ルナエールからはたとえレベルが少し上がったとしても《双心法》を習得するまでは外に出ない方がいいといわれている。
彼女曰く、多少腕の立つ魔術師はだいたい《双心法》を身に付けているらしい。
魔術師同士のまともな戦いになった際、《双心法》を持っていることが前提であるため、これがなければ手数で後れを取り続け、取れる選択肢の数で不利を掴まされ、ジリ貧になって敗北するのだそうだ。
『で、ですから、《双心法》を覚えるまでは、絶対にここから出しません! ……ではなくて、その……出ない方がいいと思います』
俺はルナエールの言葉を思い返し、溜息を吐く。
……ここまで補助道具を使って、全く何の感覚も掴めないとは思っていなかった。
《歪界の呪鏡》でのレベル上げの時間を減らしてここ三日ほど《双心法》の修行に時間を費やしているのだが、この有様である。
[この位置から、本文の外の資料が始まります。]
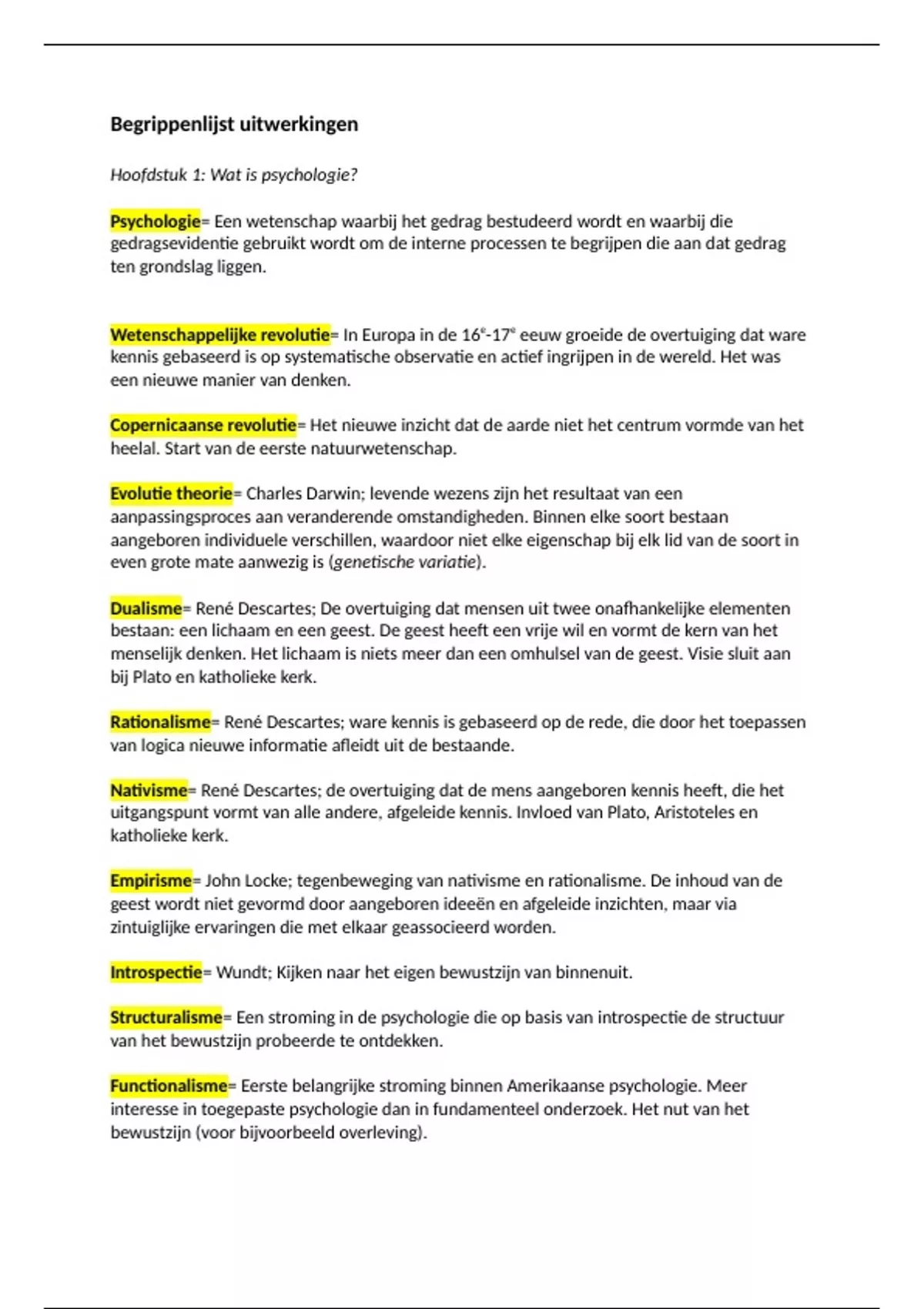 In dit document staan alle begrippen (met uitleg en voorbeelden) die je moet kennen voor het tentamen van hoofdstuk 1, 3 t/m 7, 9 en 10. Voor het vak heb ik een 7,6 gehaald. Dit vak is onderdeel van de minor inleiding in de toegepaste psychologie aan de HU. Ik heb de minor in het tweede semester van leerjaar 2022/2023 gevolgd.

《双心法》の修行は頭が痛くなるし、妙な虚無感や苦痛、疲労感や苛立ちに襲われる。
とにかく集中力が求められる上に、脳を悪用して自身の精神構造を書き換えているようなものであるためか、気分のいいものとはいえない。
加えてなかなか成果が目に見えないとなると、本当にしんどい。
これが必須修得技術だと聞かされると、俺にはほとほと才能がないらしいと思い知らされる。
元々異世界人なので、それも影響しているのかもしれない。
俺は腕を上げ、自身のステータスを確認する。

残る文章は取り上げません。